THE RECORDS

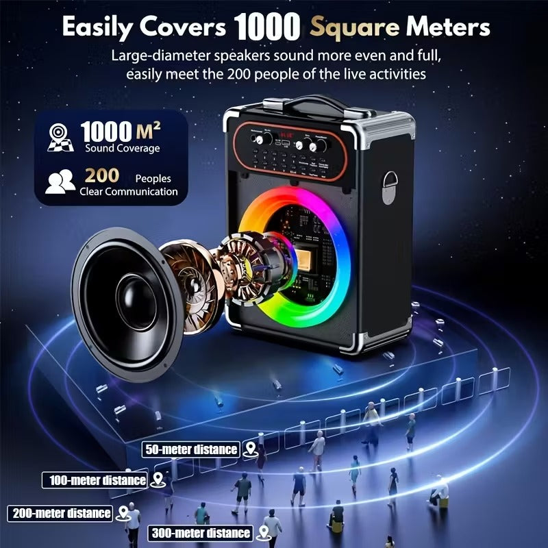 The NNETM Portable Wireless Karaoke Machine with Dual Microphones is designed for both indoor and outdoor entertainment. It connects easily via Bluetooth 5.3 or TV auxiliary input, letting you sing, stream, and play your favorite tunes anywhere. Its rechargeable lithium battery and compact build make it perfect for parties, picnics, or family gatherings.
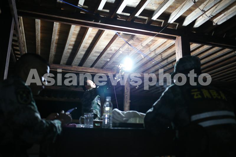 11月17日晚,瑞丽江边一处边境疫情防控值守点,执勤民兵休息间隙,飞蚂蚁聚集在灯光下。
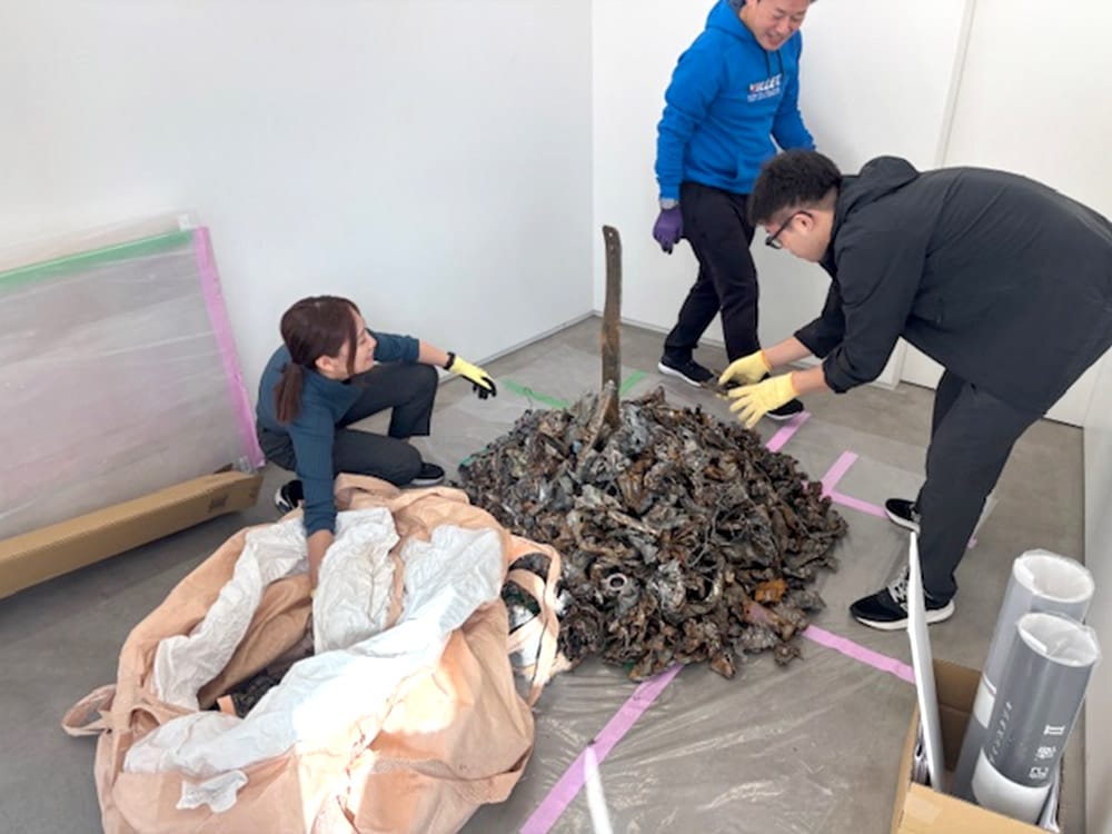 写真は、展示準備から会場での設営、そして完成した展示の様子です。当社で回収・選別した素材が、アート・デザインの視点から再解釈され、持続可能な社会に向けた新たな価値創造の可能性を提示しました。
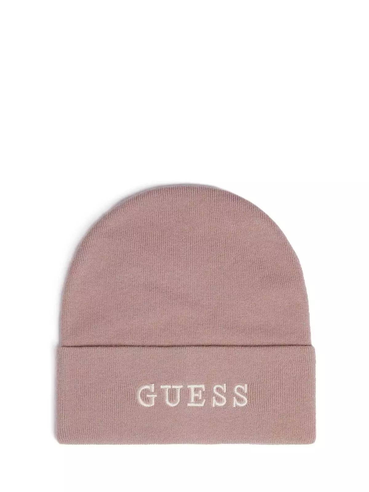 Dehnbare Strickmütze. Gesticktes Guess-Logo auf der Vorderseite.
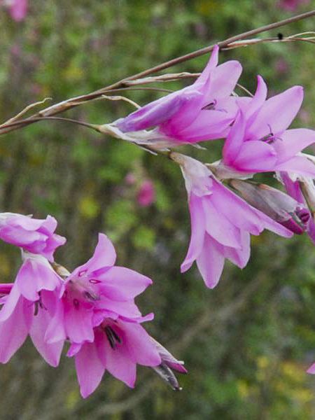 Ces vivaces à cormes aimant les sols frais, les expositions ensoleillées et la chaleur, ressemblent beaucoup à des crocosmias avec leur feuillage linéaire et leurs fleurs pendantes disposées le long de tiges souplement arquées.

WHAT IS REQUIRED
A word-for-word copy is needed, starting at the first line of the listing and ending with the line bearing "11月17日晚,瑞丽江边一处". No pictures.

TASK RESPONSE
 The NNETM Portable Wireless Karaoke Machine with Dual Microphones is designed for both indoor and outdoor entertainment. It connects easily via Bluetooth 5.3 or TV auxiliary input, letting you sing, stream, and play your favorite tunes anywhere. Its rechargeable lithium battery and compact build make it perfect for parties, picnics, or family gatherings.
 11月17日晚,瑞丽江边一处边境疫情防控值守点,执勤民兵休息间隙,飞蚂蚁聚集在灯光下。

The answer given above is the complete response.